* [PATCH 0/4] nvme: NSHEAD_DISK_LIVE fixes
@ 2024-09-02 11:15 Hannes Reinecke
2024-09-02 11:15 ` [PATCH 1/4] nvme-multipath: fixup typo when clearing DISK_LIVE Hannes Reinecke
` (3 more replies)
0 siblings, 4 replies; 10+ messages in thread
From: Hannes Reinecke @ 2024-09-02 11:15 UTC (permalink / raw)
To: Christoph Hellwig; +Cc: Sagi Grimberg, Keith Busch, linux-nvme, Hannes Reinecke
Hi all,
I'm have a testcase which does a repeated map/unmap of namespaces and
changing the UUID for each namespace after unmapping.
This leads to an unrecoverable system where the scanning processes
are stuck in 'device_add_disk()' waiting for I/O which will never come
as the I/O is doing ping-pong between the namespace (which cannot
do I/O as the path is inaccessible) and the ns_head (which is not
live and hence can't do I/O, either).
With this patchset (and the queue freeze patchset from hch) the problem
is resolved and the testcase runs without issues.

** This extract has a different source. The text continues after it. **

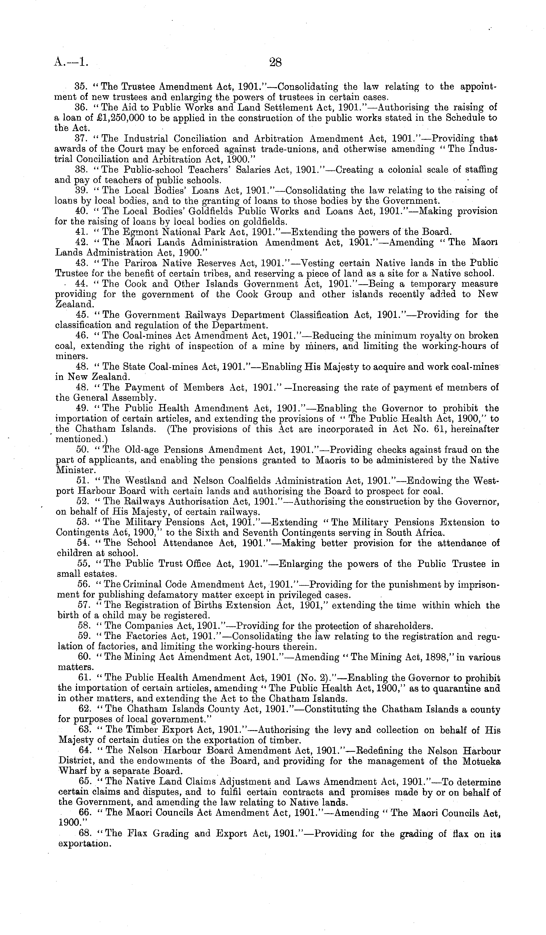 35. " The Trustee Amendment Act, 1901."—Consolidating the law relating to the appointment of new trustees and enlarging the powers of trustees in certain cases. 36. "The Aid to Public Works and Land Settlement Act, 1901." —Authorising the raising of a loan of £1,250,000 to be applied in the construction of the public works stated in the Schedule to the Act. 37. " The Industrial Conciliation and Arbitration Amendment Act, 1901."—Providing that awards of the Court may be enforced against trade-unions, and otherwise amending " The Industrial Conciliation and Arbitration Act, 1900." 38. "The Public-school Teachers' Salaries Act, 1901." —Creating a colonial scale of staffing and pay of teachers of public schools. 39. "The Local Bodies' Loans Act, 1901."—Consolidating the law relating to the raising of loans by local bodies, and to the granting of loans to those bodies by the Government. 40. " The Local Bodies' Goldfields Public Works and Loans Act, 1901."—Making provision for the raising of loans by local bodies on goldfields. 41. " The Egmont National Park Act, 1901."—Extending the powers of the Board. 42. " The Maori Lands Administration Amendment Act, 1901."—Amending " The Maori Lands Administration Act, 1900." 43. "The Pariroa Native Reserves Act, 1901."—Vesting certain Native lands in the Public Trustee for the benefit of certain tribes, and reserving a piece of land as a site for a Native school. • 44. " The Cook and Other Islands Government Act, 1901."—Being a temporary measure providing for the government of the Cook Group and other islands recently added to New Zealand. 45. "The Government Railways Department Classification Act, 1901."—Providing for the classification and regulation of the Department. 46. " The Coal-mines Act Amendment Act, 1901."—Reducing the minimum royalty on broken coal, extending the right of inspection of a mine by miners, and limiting the working-hours of miners. 48. " The State Coal-mines Act, 1901."—Enabling His Majesty to acquire and work coal-mines in New Zealand. 48. " The Payment of Members Act, 1901." —Increasing the rate of payment ef members of the General Assembly. 49. "The Public Health Amendment Act, 1901."—Enabling the Governor to prohibit the importation of certain articles, and extending the provisions of " The Public Health Act, 1900," to the Chatham Islands. (The provisions of this Act are incorporated in Act No. 61, hereinafter mentioned.) 50. " The Old-age Pensions Amendment Act, 1901."—Providing cheeks against fraud on the part of applicants, and enabling the pensions granted to Maoris to be administered by the Native Minister. 51. "The Westland and Nelson Coalfields Administration Act, 1901."—Endowing the Westport Harbour Board with certain lands and authorising the Board to prospect for coal. 52. " The Railways Authorisation Act, 1901." —Authorising the construction by the Governor, on behalf of His Majesty, of certain railways. 53. " The Military Pensions Act, 1901."—Extending " The Military Pensions Extension to Contingents Act, 1900," to the Sixth and Seventh Contingents serving in South Africa. 54. " The School Attendance Act, 1901."—Making better provision for the attendance of children at school. 55. "The Public Trust Office Act, 1901."—Enlarging the powers of the Public Trustee in small estates. 56. " The Criminal Code Amendment Act, 1901."—Providing for the punishment by imprisonment for publishing defamatory matter except in privileged cases. 57. "The Registration of Births Extension Act, 1901," extending the time within which the birth of a child may be registered. 58. " The Companies Act, 1901."—Providing for the protection of shareholders. 59. " The Factories Act, 1901."—Consolidating the law relating to the registration and regulation of factories, and limiting the working-hours therein. 60. " The Mining Act Amendment Act, 1901."—Amending " The Mining Act, 1898," in various matters. 61. " The Public Health Amendment Act, 1901 (No. 2)." —Enabling the Governor to prohibit the importation of certain articles, amending " The Public Health Act, 1900," as to quarantine and in other matters, and extending the Act to the Chatham Islands. 62. " The Chatham Islands County Act, 1901."—Constituting the Chatham Islands a county for purposes of local government." 63. " The Timber Export Act, 1901."—Authorising the levy and collection on behalf of His Majesty of certain duties on the exportation of timber. 64. " The Nelson Harbour Board Amendment Act, 1901."—Redefining the Nelson Harbour District, and the endowments of the Board, and providing for the management of the Motueka Wharf by a separate Board. 65. " The Native Land Claims Adjustment and Laws Amendment Act, 1901."—To determine certain claims and disputes, and to fulfil certain contracts and promises made by or on behalf of the Government, and amending the law relating to Native lands. 66. " The Maori Councils Act Amendment Act, 1901."—Amending " The Maori Councils Act, 1900." 68. "The Flax Grading and Export Act, 1901."—Providing for the grading of flax on its exportation.

I see to get the testcase added to blktests.
As usual, comments and reviews are welcome.
Hannes Reinecke (4):
nvme-multipath: fixup typo when clearing DISK_LIVE
nvme-multipath: clear 'NVME_NSHEAD_DISK_LIVE' bit on shutdown
nvme-multipath: check for NVME_NSHEAD_DISK_LIVE when selecting paths
nvme: remove existing namespace on ID mismatch
drivers/nvme/host/core.c | 4 +++-
drivers/nvme/host/multipath.c | 10 ++++++++--
2 files changed, 11 insertions(+), 3 deletions(-)
--
2.35.3
^ permalink raw reply [flat|nested] 10+ messages in thread
* [PATCH 1/4] nvme-multipath: fixup typo when clearing DISK_LIVE
2024-09-02 11:15 [PATCH 0/4] nvme: NSHEAD_DISK_LIVE fixes Hannes Reinecke
@ 2024-09-02 11:15 ` Hannes Reinecke
2024-09-02 16:48 ` Sagi Grimberg
2024-09-02 11:15 ` [PATCH 2/4] nvme-multipath: clear 'NVME_NSHEAD_DISK_LIVE' bit on shutdown Hannes Reinecke
` (2 subsequent siblings)
3 siblings, 1 reply; 10+ messages in thread
From: Hannes Reinecke @ 2024-09-02 11:15 UTC (permalink / raw)
To: Christoph Hellwig; +Cc: Sagi Grimberg, Keith Busch, linux-nvme, Hannes Reinecke
NVME_NSHEAD_DISK_LIVE is a flag for 'struct nvme_ns_head', not
'struct nvme_ns'.
Signed-off-by: Hannes Reinecke <hare@kernel.org>
---
drivers/nvme/host/multipath.c | 2 +-
1 file changed, 1 insertion(+), 1 deletion(-)
diff --git a/drivers/nvme/host/multipath.c b/drivers/nvme/host/multipath.c
index 91d9eb3c22ef..c9d23b1b8efc 100644
--- a/drivers/nvme/host/multipath.c
+++ b/drivers/nvme/host/multipath.c
@@ -646,7 +646,7 @@ static void nvme_mpath_set_live(struct nvme_ns *ns)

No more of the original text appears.